## [What is being asked]
Leave the pictures out and quote every line from the start of the listing to the line with "Prov. | Comu. |", inclusive.

## [Extracted material]
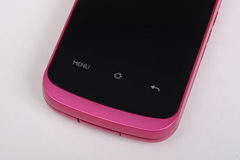 101SHではスライド式ボディを開くことで、テンキーからの文字入力が可能だが、端末を閉じた状態では他のAndroidスマートフォンと同じように、タッチ操作によるオペレーションが可能だ。ディスプレイ下には[MENU]キー、[ホーム]キー、[戻る]キーがいずれもタッチセンサーの状態で装備されており、エリアも十分な広さで操作しやすい。
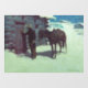 Ventana con la pintura al óleo de Frederic Remington, The Belated Traveler (1906). Un vaquero golpea la puerta de una cabaña en medio de una nieve de invierno. Él sujeta las riendas a un caballo marrón a su lado. Un regalo perfecto para los amantes del caballo y el viejo oeste.
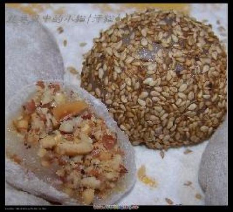 3.外面粘上熟芝麻,或是熟糯米粉。
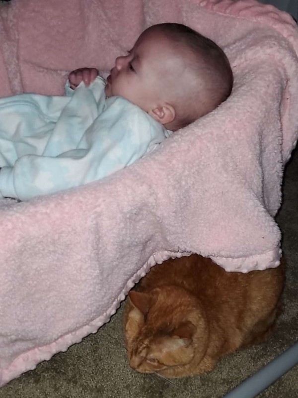 ▼只見小女兒在嬰兒床上睡著,Sunny悄悄溜進她的房間,跳到嬰兒床上,窩在她旁邊陪睡。Sunny年紀大了,平時很討厭跳躍,嬰兒床的高度對牠來說並不舒服,但牠還是努力跳上去,在小主人身邊待了4個小時。
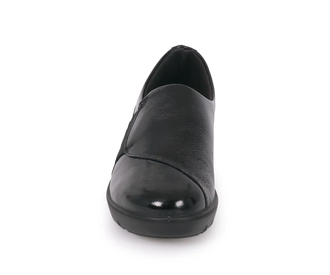 Ces flâneurs Imac en cuir vernis pour femmes combinent élégance et confort avec leur empeigne élastique et leur talon compensé. Idéals pour un usage quotidien, ils offrent un style raffiné tout en assurant un ajustement souple et un soutien optimal.
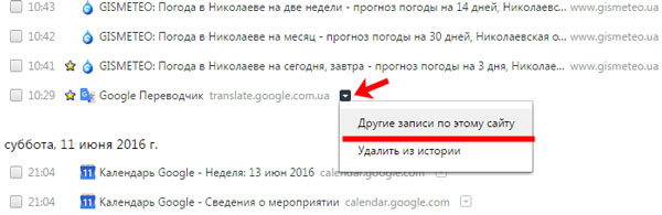 Для того щоб подивитися всі записи, збережені в історії, для певного сайту, натисніть навпроти нього на маленьку чорну стрілку та виберіть з випадаючого списку «Інші записи по цьому сайту».
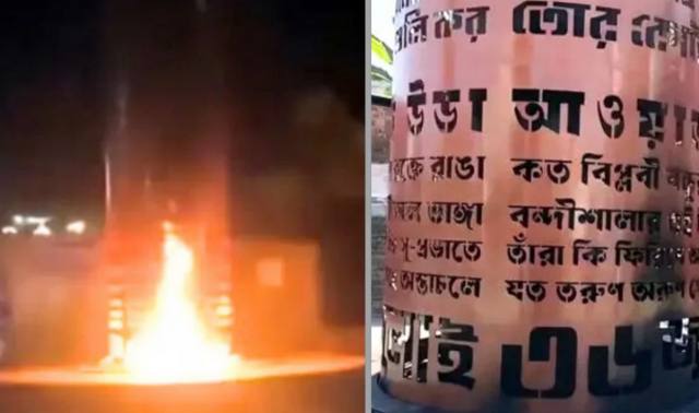 ফেনীতে জুলাই শহীদ স্মৃতিস্তম্ভে আগুন
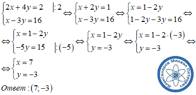 Решите систему уравнений 2х +4у =2 х-3у=16
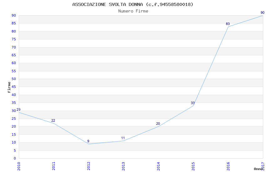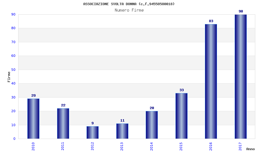 | Anno | Firme | Importi | Media | Naz. | Reg. | Prov. | Comu. |
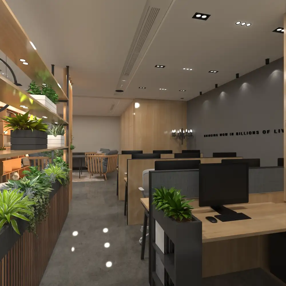 This neo-classic office space combines elegance with functionality. It features sleek wooden furniture, modular workstations, and warm tones balanced by modern design elements like geometric ceiling patterns and contemporary lighting. Glass partitions and natural accents like greenery enhance the space’s sophistication while maintaining openness. The design fosters a professional yet welcoming environment, ideal for a productive workplace.
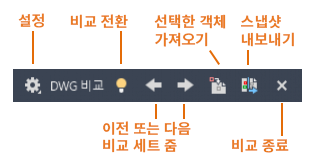 이 도구막대는 설정 패널과 이전 및 다음 컨트롤을 제공하는 DWG 비교 도구막대와 유사합니다.
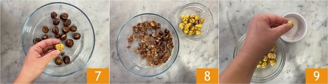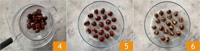 Égouttez-les à nouveau 4 et transférez-les dans un plat adapté à la cuisson au micro-ondes 5. Faites cuire les châtaignes au micro-ondes avec la fonction combinée (micro-ondes + grill) à 1000 W ou à la puissance maximale pendant 5 minutes. Terminez la cuisson en utilisant uniquement le grill pendant 2 minutes supplémentaires 6.
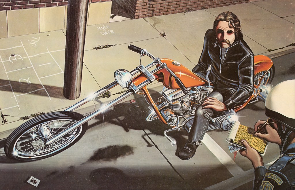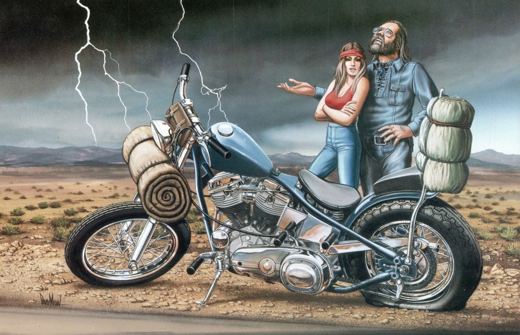 Things like kneeling in the mud in a pouring rainstorm to help a stranger get his motorcycle started, because the biker’s code says you never leave another rider behind. Things like facing off with a shotgun-wielding deputy sheriff who is screaming at you and your buddies to get those goddam bikes out of there before he arrests the lot of you, because one of your buddies can’t get his bike started and the biker’s code says you never leave another rider behind. Things like your buddy suddenly remembering, after twenty minutes of trying to kickstart his shovelhead, that he installed a hidden kill switch as a security device just last week, and Oh, yeah! That’s why my bike won’t start….
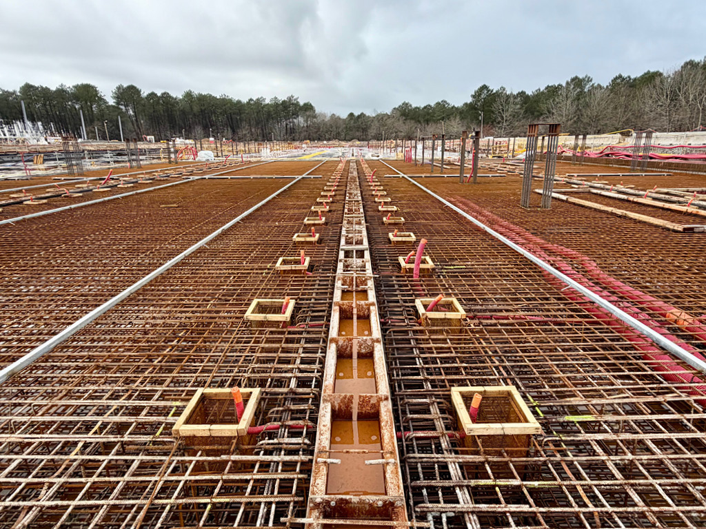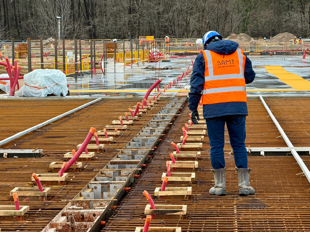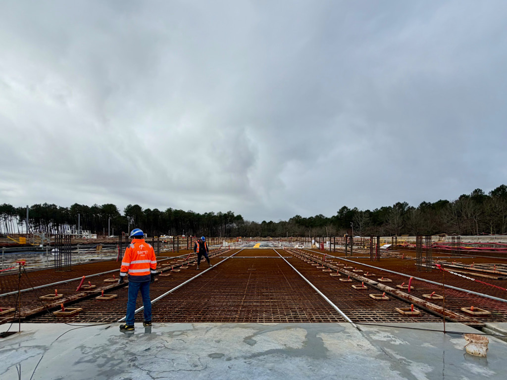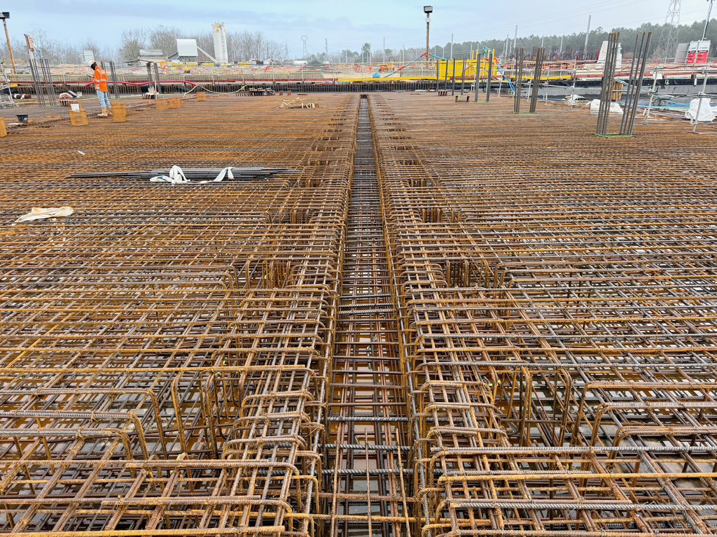 Our SAMT team is contributing to the construction of a massive raft foundation: 220 meters long and 60 meters wide, totaling 13,200 m² of rebar to install. That’s a lot of rebar to place!

## [Your solution]
 101SHではスライド式ボディを開くことで、テンキーからの文字入力が可能だが、端末を閉じた状態では他のAndroidスマートフォンと同じように、タッチ操作によるオペレーションが可能だ。ディスプレイ下には[MENU]キー、[ホーム]キー、[戻る]キーがいずれもタッチセンサーの状態で装備されており、エリアも十分な広さで操作しやすい。
 Ventana con la pintura al óleo de Frederic Remington, The Belated Traveler (1906). Un vaquero golpea la puerta de una cabaña en medio de una nieve de invierno. Él sujeta las riendas a un caballo marrón a su lado. Un regalo perfecto para los amantes del caballo y el viejo oeste.
 3.外面粘上熟芝麻,或是熟糯米粉。
 ▼只見小女兒在嬰兒床上睡著,Sunny悄悄溜進她的房間,跳到嬰兒床上,窩在她旁邊陪睡。Sunny年紀大了,平時很討厭跳躍,嬰兒床的高度對牠來說並不舒服,但牠還是努力跳上去,在小主人身邊待了4個小時。
 Ces flâneurs Imac en cuir vernis pour femmes combinent élégance et confort avec leur empeigne élastique et leur talon compensé. Idéals pour un usage quotidien, ils offrent un style raffiné tout en assurant un ajustement souple et un soutien optimal.
 Для того щоб подивитися всі записи, збережені в історії, для певного сайту, натисніть навпроти нього на маленьку чорну стрілку та виберіть з випадаючого списку «Інші записи по цьому сайту».
 ফেনীতে জুলাই শহীদ স্মৃতিস্তম্ভে আগুন
 Решите систему уравнений 2х +4у =2 х-3у=16
 | Anno | Firme | Importi | Media | Naz. | Reg. | Prov. | Comu. |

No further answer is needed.